It's been 2 days since Izana had awoken. I was so curious- had so many questions for him. All of them will stay unanswered. At least for now.

The trail will commence tomorrow. Even through I knew the due date, fully aware that this was inevitable, yet I still hoped the day wouldn't come.

My parents are completely unreasonable- ever since I was free they've been harming me for no reason. I don't even remember who they are! They attacked me worse than Izana ever did- and for that he didn't even hurt me to leave scars. Well, apart from the name on my arm he carved in.

In a few hours, the police will come here to take Kakucho (who's currently on probation) away to prepare. I heard they've already investigated this house as soon as I was found. Did they find the first confinement I was put in? I've searched for it multiple times and I couldn't find it myself...

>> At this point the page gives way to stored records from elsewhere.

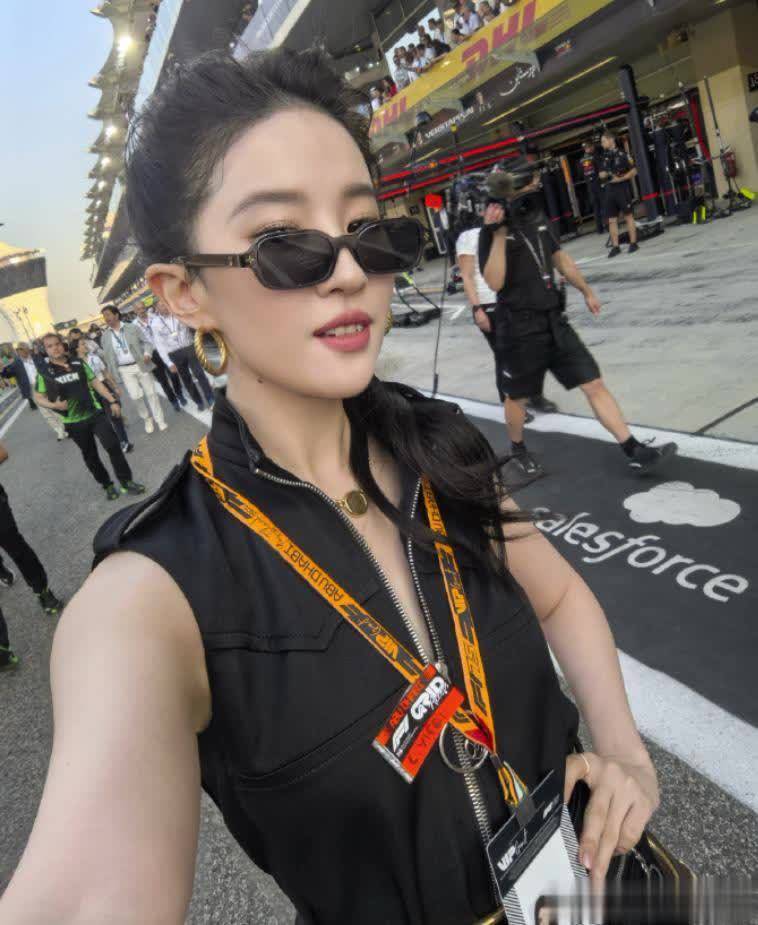 阿布扎比F1赛场边,刘亦菲身着黑色无袖短裙。肌肤在阳光下白到发光神机策神机策,哪还有之前被说肩膀壮的影子?
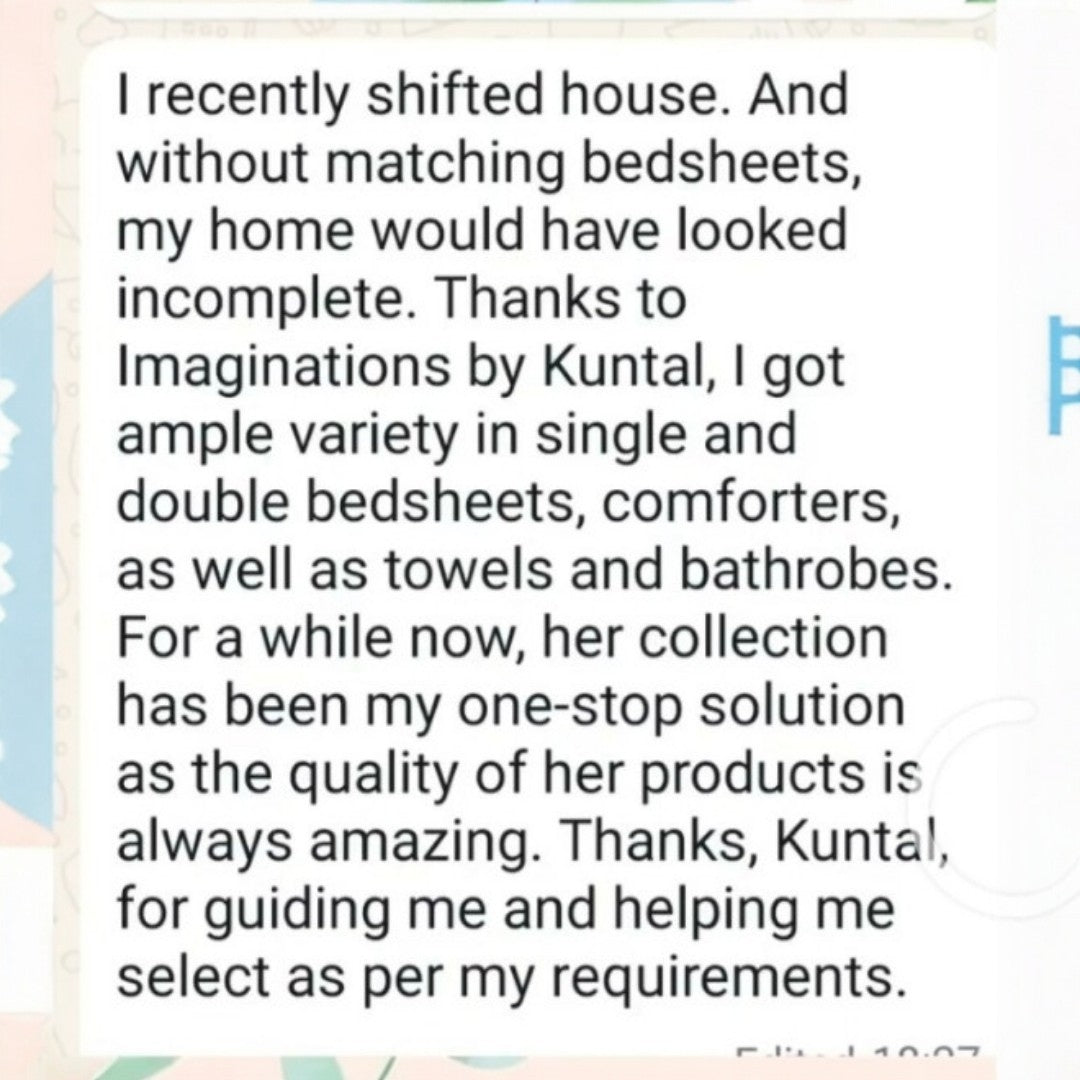 I’m Kuntal Nagrecha, a mom-preneur who built Imaginations by Kuntal by following her passion. What started as a dream is now a carefully curated bed and bath linen brand designed for comfort-loving homes.
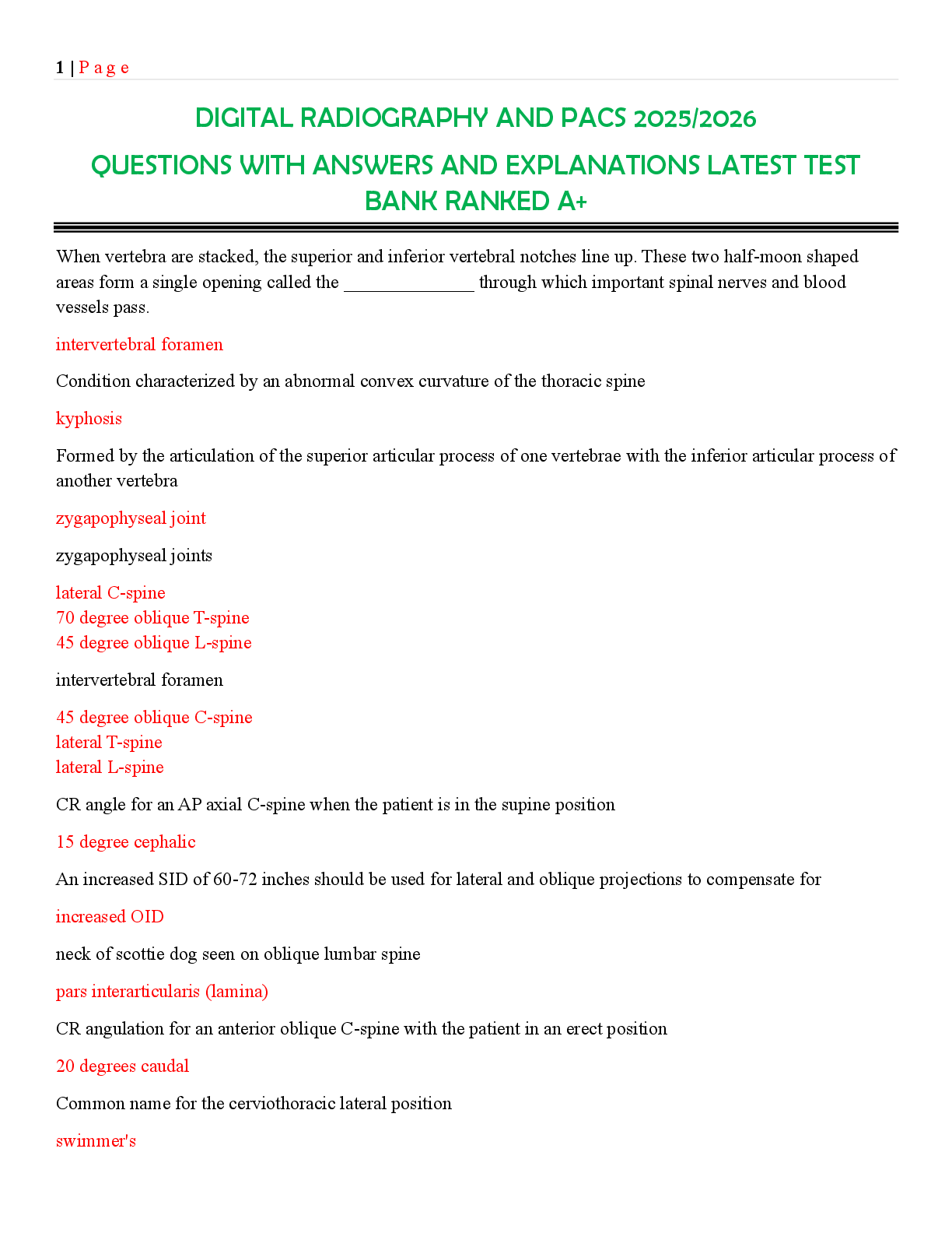 Radiology > TEST BANKS > Test Bank Complete_ Introduction to Radiologic & Imaging Sciences & Patient Care 8th Edition, (2025) By Arlene M. Adler, Richard R. Carlton & Kori L. Stewart| All Chapters 1-26| 4 Units| Latest With Answers And Detailed Explanation| Graded A+ (All)

I sigh as I fall back on the bed. It still smells like him.

Is the way I feel wrong? My feelings aren't invalid, right?

I'm petrified. My lawyer,who I didn't even hire myself- the court systems forced me, told me I was not allowed to say anything. He banned me from having my own opinion and such- told me to submit and keep my "foolish mouth glued shut."

I'm extremely convinced that is Illegal. These people exploit and manipulate me for validation in court- thinking I'm weak or some shit. They use my mental state as a way to force me into their submission.

I pretend to comply, faking the poor naive girl they want me to be. "Of course, I won't say anything!" or "I'll leave you to it!" Id whine and cry to them.

But I'm still going to shout out and defend myself- if I somehow can. Or even if I don't feel the need to speak up, then I'll still somehow do it out of spite.

My brain is flooding with so much thoughts, It's all so weird. I turn over on my side, staring at the wall.

Perhaps my codependency towards Izana and even Kakucho have grown too strong. I don't hate it though.

As if on queue, A soft banging rhythm destroyed my brains weird thinking marathon.

"Y/N. may I come in?"

"Go ahead, Kakucho."
I hear him enter right after projecting my voice.

Not short after, I felt a heavy dip behind my back in the bed. I look to the side, confused.

Kakucho spread his arms and legs out, occupying most of the bed, smugly smiling with his eyes closed. I couldn't help but let out a laughed exhale. It's so out of character for him to act so silly.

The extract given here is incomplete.